Et le 6 mars 2013, dans son adresse à la Représentation nationale du Burkina Faso, le président de l'Assemblée nationale du Ghana, s'inspirant sans doute des idées du Dr N'Krumah, affirmait qu'il « est important pour nous parlementaires de collaborer sur des questions qui tiennent compte de nos peuples ». Ce qui donne d'espérer une union entre parlements induisant une union parfaite entre peuples ghanéens et burkinabè autour entre autres de projets intégrateurs dans divers domaines.

Revenant sur le traité d'amitié et de coopération entre son pays et le Burkina, signé à Ouagadougou en 2008, le président de l'Assemblée nationale de Côte-d'Ivoire, K. Guillaume Soro dira que « la politique d'ouverture prônée par ce traité d'amitié est une invitation aux Peuples africains à résolument faire abstraction des frontières héritées de la colonisation pour faire preuve de solidarité entre eux ».

Et après avoir rappelé la fierté généralisée dont le peuple ivoirien a fait preuve magnifier la percée historique des Etalons à la CAN 2013, Guillaume Soro lance « voyez-vous, le peuple lui-même nous montre le chemin à suivre ; celui du rapprochement ».

Le parlement sénégalais attend aussi, à en croire Awa Guèye, Première vice-présidente de l'Assemblée nationale, beaucoup de la coopération parlementaire dans l'intérêt bien compris des populations à la base. Dans son discours devant la Représentation nationale du Burkina à l'occasion de l'ouverture de la première session ordinaire 2013 de notre 5è législature, elle a rappelé à ses homologues que « les chantiers institutionnels des parlements de la CEDEAO et de l'Union africaine sont les nôtres, nous avons une responsabilité historique partagée d'½uvrer ensemble pour que ces institutions accompagnent et contribuent au développement de l'unité africaine et au bonheur de nos peuples ». Elle a également tenu à préciser que « nos peuples nourrissent beaucoup d'espoirs en plaçant leur confiance en nous pour porter leur parole et assurer un plaidoyer pour la défense de leurs intérêts ».

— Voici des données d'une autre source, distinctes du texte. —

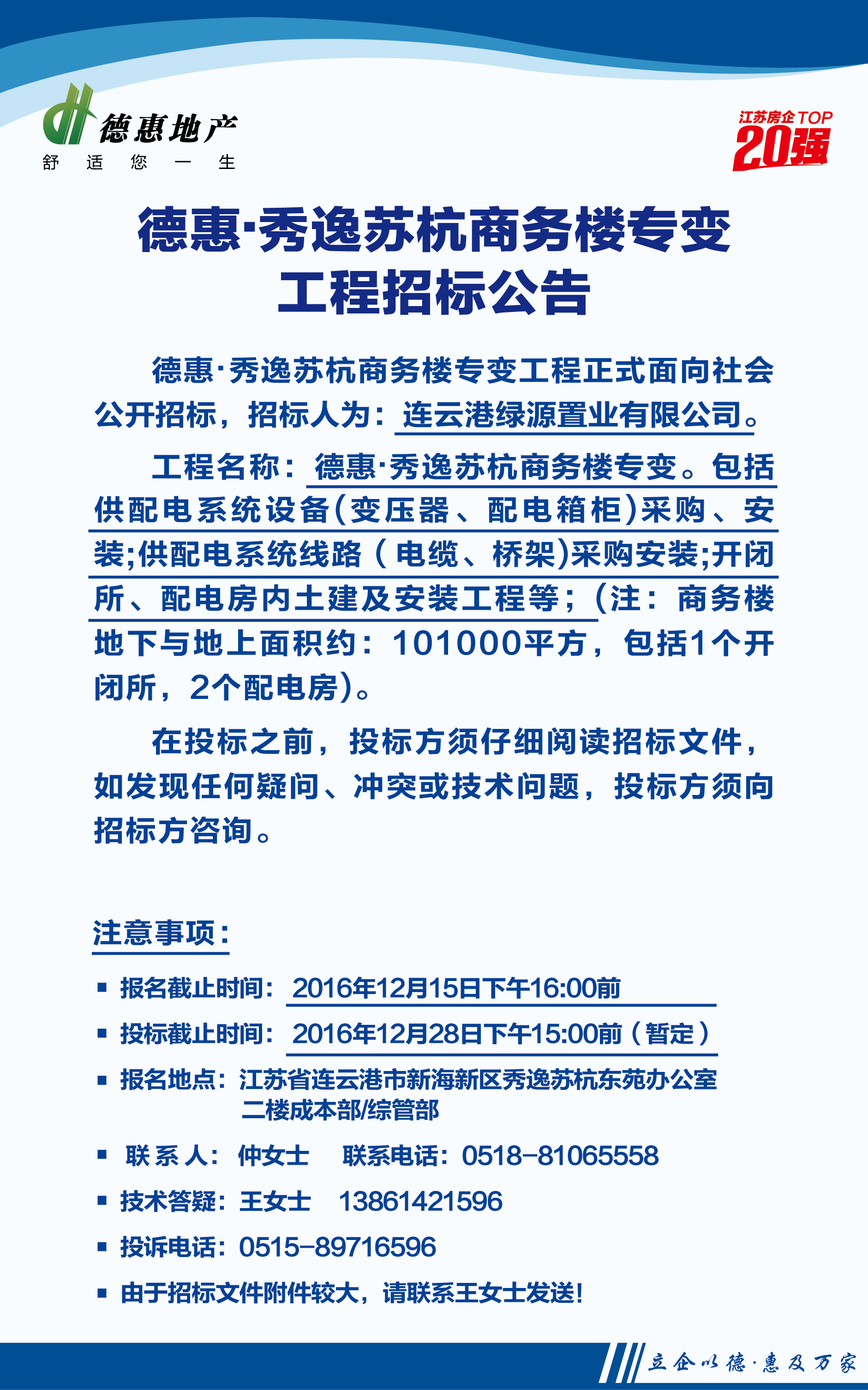 德惠﹒秀逸苏杭商务楼专变工程招标公告

Le parlement togolais, à travers son travail législatif va toujours contribuer aux côtés de ses pairs dans l'espace CEDEAO pour l'atteinte du principal objectif communautaire, celui de l'intégration réelle de nos peuples. Ce message fort est celui de Selom Komi Klassou, Premier vice-président de l'Assemblée nationale du Togo. Pour être plus explicite avec ses homologues du Burkina, M. Klassou précise, « nous pensons que, plus que tous les autres acteurs, c'est le devoir de nous, parlementaires, de par notre fonction législative, de favoriser la tolérance et les échanges réciproques entre nos peuples ».

En ce qui concerne l'Assemblée nationale du Gabon, elle reste plus que jamais disposée à développer de concert avec l'Assemblée homologue de Burkina Faso et de la façon la plus débridée qui soit, « tous les axes de notre coopération susceptible de libérer nos énergies et de massifier nos échanges à bénéfice réciproque », a indiqué Guy Nzouba Ndama, président de l'Assemblée nationale du Gabon, qui a aussi tenu à préciser que le FESPACO constitue un des projets intégrateurs du continent.

De ce qui précède, l'on peut noter que la volonté de nos parlements à aller dans le sens d'une véritable coopération au profit des populations qui les ont mandatés, existe. Encore faut-il que cette volonté se concrétise en donnant lieu entre autres à la libre circulation des personnes et des biens, à la mise en ½uvre de projets intégrateurs. Cette démarche aura le mérite d'actionner l'instauration des Etats-Unis d'Afrique ; ou à tout le moins, de lui donner une forte et favorable assise sociale.